Белый шум Стаса начинает давить. Каждый его «план», каждое «надо» ложится на плечи невидимым грузом. Воздуха в машине становится меньше. Стены сжимаются. Я прижимаюсь лбом к холодному стеклу, пытаясь заземлиться. Вышел из рехаба. Но не вышел из тюрьмы. Тюрьма – это я сам. А Стас – мой надзиратель с планом работ.

Машина остановилась у моего дома. Старый фонд, обшарпанный фасад.

– Приехали, – констатировал Стас.

Я уже взялся за ручку двери, когда он окликнул:

– Звезда моя, подожди!

Он порылся где-то в бардачке и протянул мне чёрный прямоугольник. Мой телефон. Я смотрю на него как на инородное тело, которые снова внедрится в мой организм.

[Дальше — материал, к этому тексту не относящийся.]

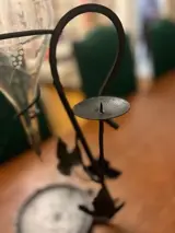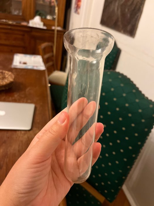 Hij is 50 cm hoog en 20 cm breed (van het grootste deel van het glas tot de ijzeren tak).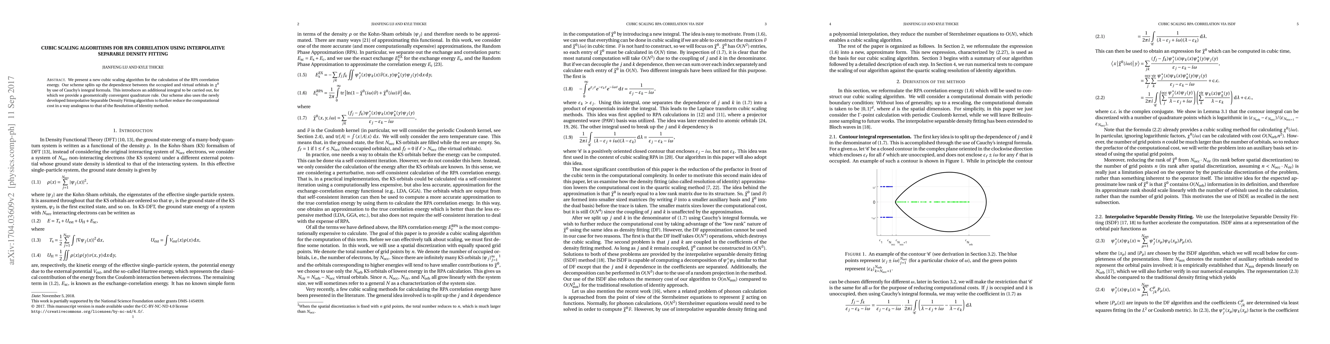 This paper introduces a cubic scaling algorithm for calculating RPA correlation energy using Cauchy's integral formula and interpolative separable density fitting, which reduces computational cost and employs a geometrically convergent quadrature rule.

– Вот. Твой поводок в мир, – сказал Стас без тени иронии. – Постарайся в ближайшее время не разбить его о чью-нибудь голову. Или о стену. И самое главное, все мои сообщения за эти дни прочитай, внимательно, особенно про новую легенду твоей жизни. За больничку я уже с тебя списал, теперь живёшь без бюджета, только по выдаче, по логичному обоснованию. Бюджет твой, естественно, у меня.